Assignment.
Copy the lines below as they are; omit the images they contain.

Information given.
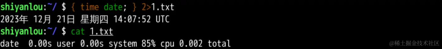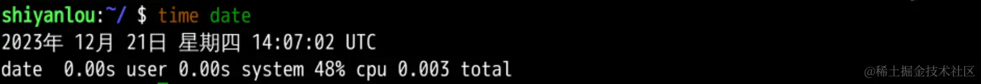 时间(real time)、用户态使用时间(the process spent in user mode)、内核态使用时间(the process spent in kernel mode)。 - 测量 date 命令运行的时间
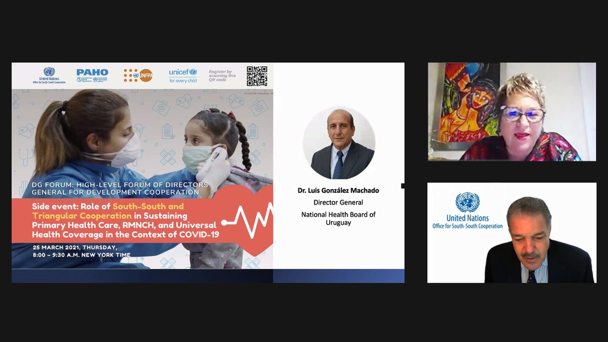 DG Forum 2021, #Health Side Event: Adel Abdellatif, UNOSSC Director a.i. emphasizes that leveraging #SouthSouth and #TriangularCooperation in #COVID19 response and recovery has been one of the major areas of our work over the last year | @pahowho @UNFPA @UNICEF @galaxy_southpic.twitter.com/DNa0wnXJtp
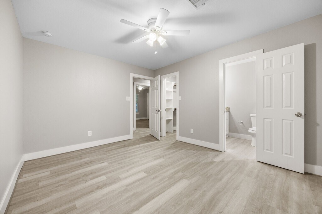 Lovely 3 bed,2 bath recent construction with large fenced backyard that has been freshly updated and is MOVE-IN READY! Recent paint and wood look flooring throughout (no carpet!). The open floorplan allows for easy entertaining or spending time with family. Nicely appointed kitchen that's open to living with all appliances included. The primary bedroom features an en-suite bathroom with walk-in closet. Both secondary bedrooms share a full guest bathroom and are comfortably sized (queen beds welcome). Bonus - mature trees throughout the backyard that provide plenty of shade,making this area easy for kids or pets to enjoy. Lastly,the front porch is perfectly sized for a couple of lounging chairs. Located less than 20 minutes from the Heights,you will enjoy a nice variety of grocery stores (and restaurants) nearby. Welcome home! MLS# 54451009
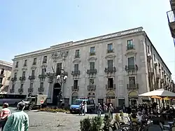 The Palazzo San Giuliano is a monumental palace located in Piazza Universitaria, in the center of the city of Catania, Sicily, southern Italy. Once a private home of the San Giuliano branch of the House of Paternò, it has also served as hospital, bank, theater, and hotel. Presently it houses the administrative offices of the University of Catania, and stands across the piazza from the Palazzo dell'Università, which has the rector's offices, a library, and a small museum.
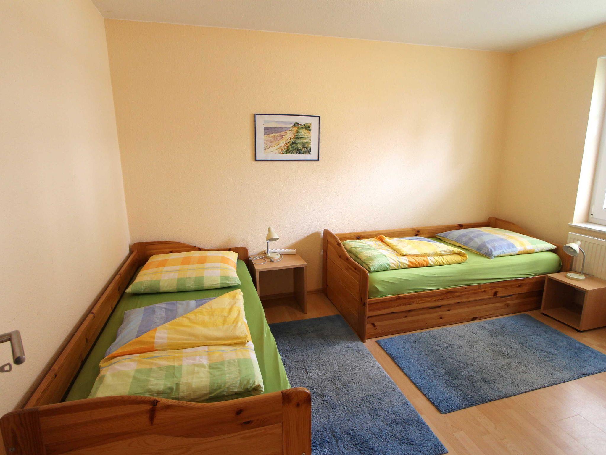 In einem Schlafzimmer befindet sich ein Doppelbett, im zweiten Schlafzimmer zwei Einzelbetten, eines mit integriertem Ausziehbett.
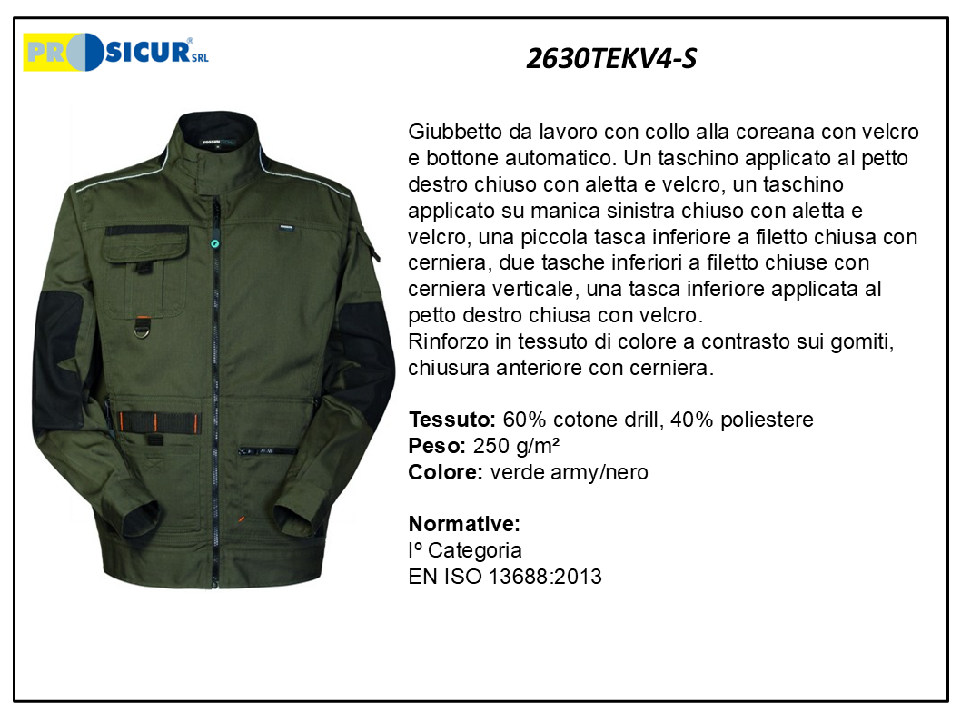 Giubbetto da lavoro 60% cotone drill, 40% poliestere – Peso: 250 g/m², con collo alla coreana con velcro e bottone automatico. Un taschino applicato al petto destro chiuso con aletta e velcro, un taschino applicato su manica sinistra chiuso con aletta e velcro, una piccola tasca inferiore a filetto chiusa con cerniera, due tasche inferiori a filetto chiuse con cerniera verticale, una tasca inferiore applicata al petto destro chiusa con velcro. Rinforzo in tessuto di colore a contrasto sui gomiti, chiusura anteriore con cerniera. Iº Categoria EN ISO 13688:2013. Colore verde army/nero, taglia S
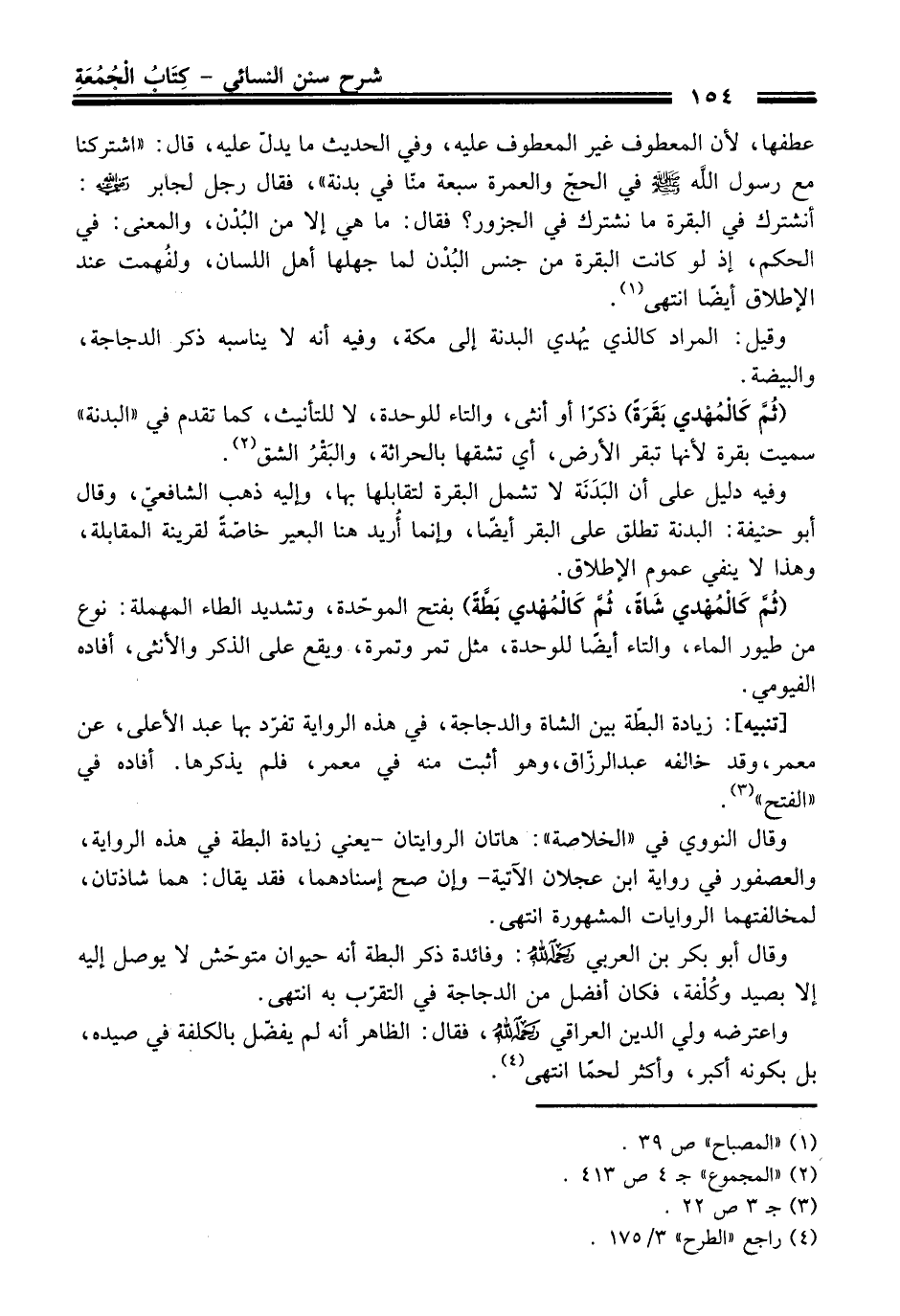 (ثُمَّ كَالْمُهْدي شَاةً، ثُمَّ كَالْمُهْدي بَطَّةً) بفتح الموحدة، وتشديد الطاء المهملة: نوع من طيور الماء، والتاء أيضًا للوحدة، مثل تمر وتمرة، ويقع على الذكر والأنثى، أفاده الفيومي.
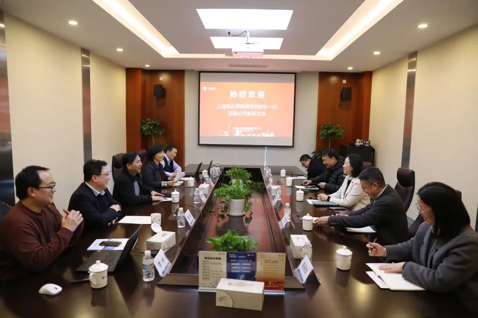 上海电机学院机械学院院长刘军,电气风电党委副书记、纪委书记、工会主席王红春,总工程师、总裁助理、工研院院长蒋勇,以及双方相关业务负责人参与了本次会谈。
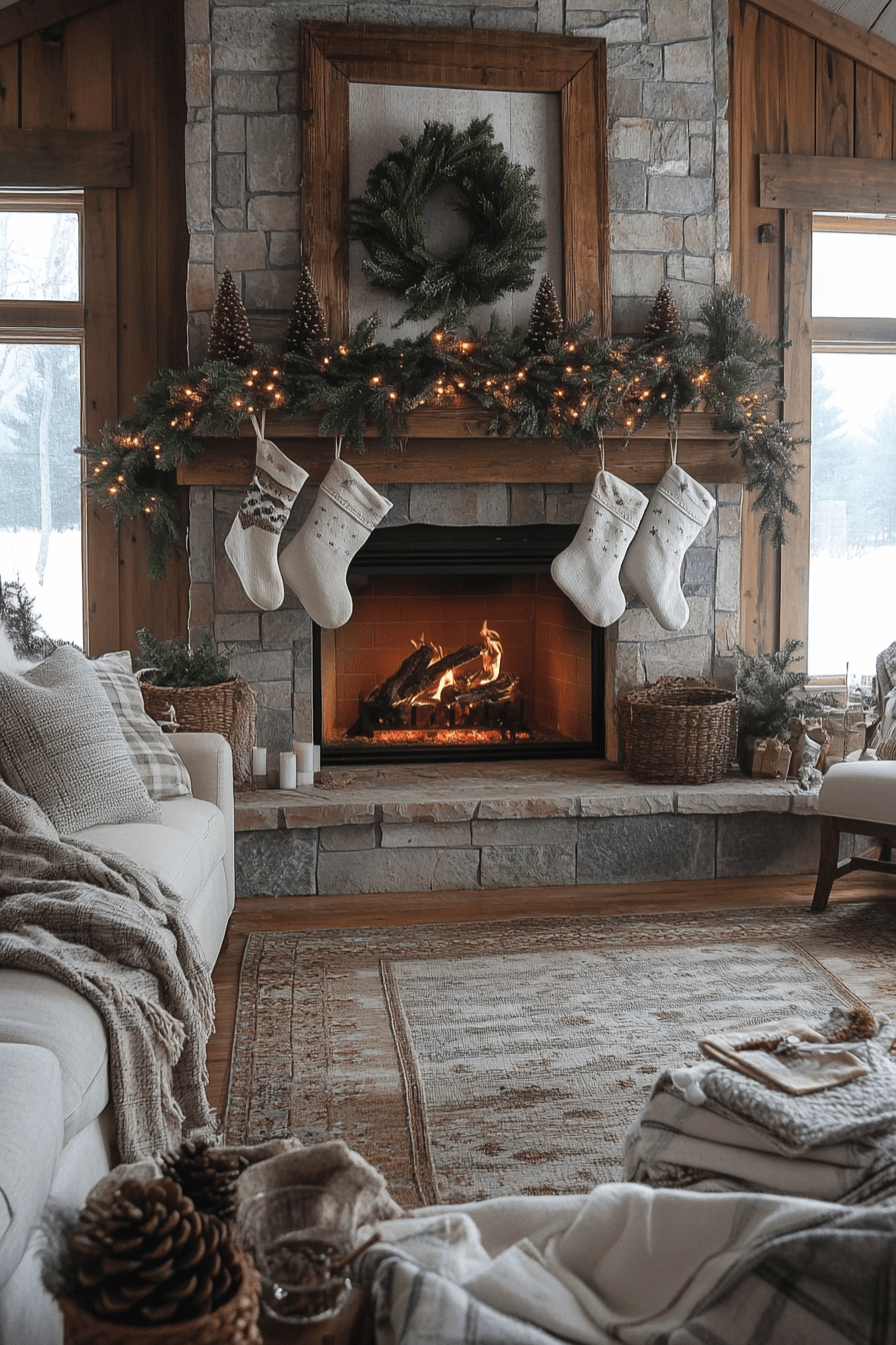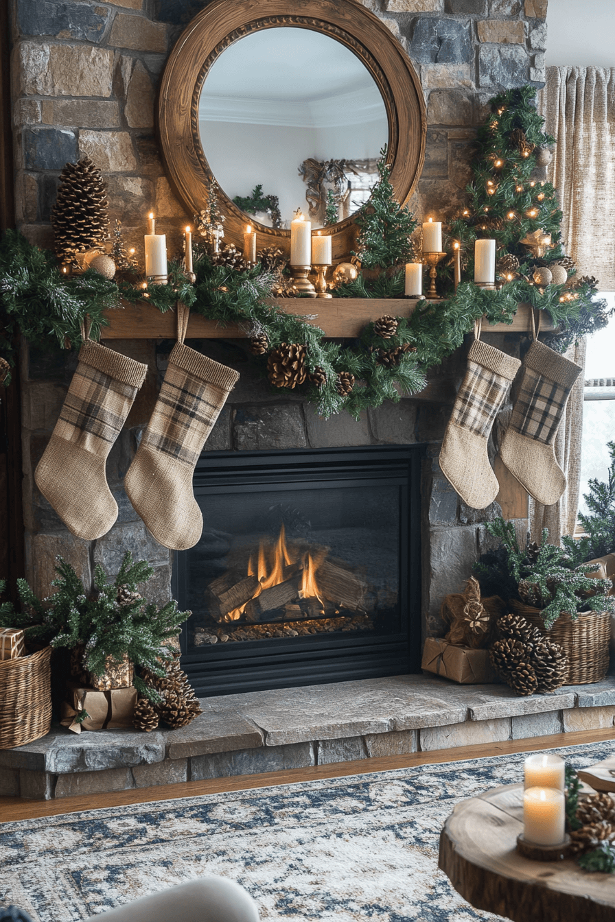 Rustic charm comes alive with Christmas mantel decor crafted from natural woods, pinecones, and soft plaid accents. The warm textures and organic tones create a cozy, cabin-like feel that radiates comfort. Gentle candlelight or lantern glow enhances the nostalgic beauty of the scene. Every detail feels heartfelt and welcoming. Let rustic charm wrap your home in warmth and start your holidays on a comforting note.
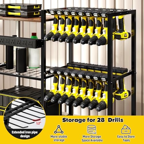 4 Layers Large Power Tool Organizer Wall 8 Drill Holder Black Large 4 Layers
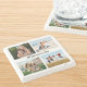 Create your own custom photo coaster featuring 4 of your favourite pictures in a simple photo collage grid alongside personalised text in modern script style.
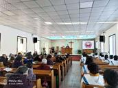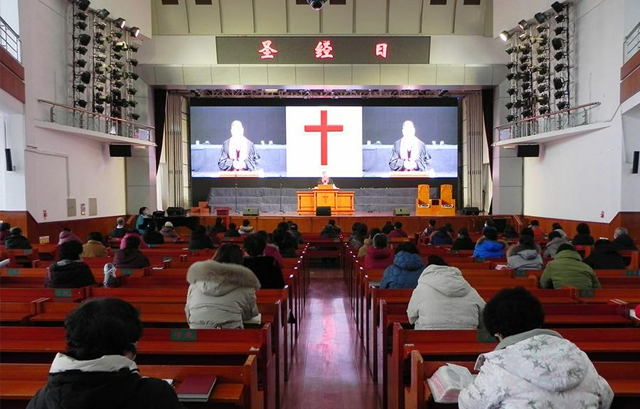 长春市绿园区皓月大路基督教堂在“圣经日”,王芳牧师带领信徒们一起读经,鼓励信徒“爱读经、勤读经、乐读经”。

Written answer.
 时间(real time)、用户态使用时间(the process spent in user mode)、内核态使用时间(the process spent in kernel mode)。 - 测量 date 命令运行的时间
 DG Forum 2021, #Health Side Event: Adel Abdellatif, UNOSSC Director a.i. emphasizes that leveraging #SouthSouth and #TriangularCooperation in #COVID19 response and recovery has been one of the major areas of our work over the last year | @pahowho @UNFPA @UNICEF @galaxy_southpic.twitter.com/DNa0wnXJtp
 Lovely 3 bed,2 bath recent construction with large fenced backyard that has been freshly updated and is MOVE-IN READY! Recent paint and wood look flooring throughout (no carpet!). The open floorplan allows for easy entertaining or spending time with family. Nicely appointed kitchen that's open to living with all appliances included. The primary bedroom features an en-suite bathroom with walk-in closet. Both secondary bedrooms share a full guest bathroom and are comfortably sized (queen beds welcome). Bonus - mature trees throughout the backyard that provide plenty of shade,making this area easy for kids or pets to enjoy. Lastly,the front porch is perfectly sized for a couple of lounging chairs. Located less than 20 minutes from the Heights,you will enjoy a nice variety of grocery stores (and restaurants) nearby. Welcome home! MLS# 54451009
 The Palazzo San Giuliano is a monumental palace located in Piazza Universitaria, in the center of the city of Catania, Sicily, southern Italy. Once a private home of the San Giuliano branch of the House of Paternò, it has also served as hospital, bank, theater, and hotel. Presently it houses the administrative offices of the University of Catania, and stands across the piazza from the Palazzo dell'Università, which has the rector's offices, a library, and a small museum.
 In einem Schlafzimmer befindet sich ein Doppelbett, im zweiten Schlafzimmer zwei Einzelbetten, eines mit integriertem Ausziehbett.
 Giubbetto da lavoro 60% cotone drill, 40% poliestere – Peso: 250 g/m², con collo alla coreana con velcro e bottone automatico. Un taschino applicato al petto destro chiuso con aletta e velcro, un taschino applicato su manica sinistra chiuso con aletta e velcro, una piccola tasca inferiore a filetto chiusa con cerniera, due tasche inferiori a filetto chiuse con cerniera verticale, una tasca inferiore applicata al petto destro chiusa con velcro. Rinforzo in tessuto di colore a contrasto sui gomiti, chiusura anteriore con cerniera. Iº Categoria EN ISO 13688:2013. Colore verde army/nero, taglia S
 (ثُمَّ كَالْمُهْدي شَاةً، ثُمَّ كَالْمُهْدي بَطَّةً) بفتح الموحدة، وتشديد الطاء المهملة: نوع من طيور الماء، والتاء أيضًا للوحدة، مثل تمر وتمرة، ويقع على الذكر والأنثى، أفاده الفيومي.
 上海电机学院机械学院院长刘军,电气风电党委副书记、纪委书记、工会主席王红春,总工程师、总裁助理、工研院院长蒋勇,以及双方相关业务负责人参与了本次会谈。
 Rustic charm comes alive with Christmas mantel decor crafted from natural woods, pinecones, and soft plaid accents. The warm textures and organic tones create a cozy, cabin-like feel that radiates comfort. Gentle candlelight or lantern glow enhances the nostalgic beauty of the scene. Every detail feels heartfelt and welcoming. Let rustic charm wrap your home in warmth and start your holidays on a comforting note.
 4 Layers Large Power Tool Organizer Wall 8 Drill Holder Black Large 4 Layers
 Create your own custom photo coaster featuring 4 of your favourite pictures in a simple photo collage grid alongside personalised text in modern script style.
 长春市绿园区皓月大路基督教堂在“圣经日”,王芳牧师带领信徒们一起读经,鼓励信徒“爱读经、勤读经、乐读经”。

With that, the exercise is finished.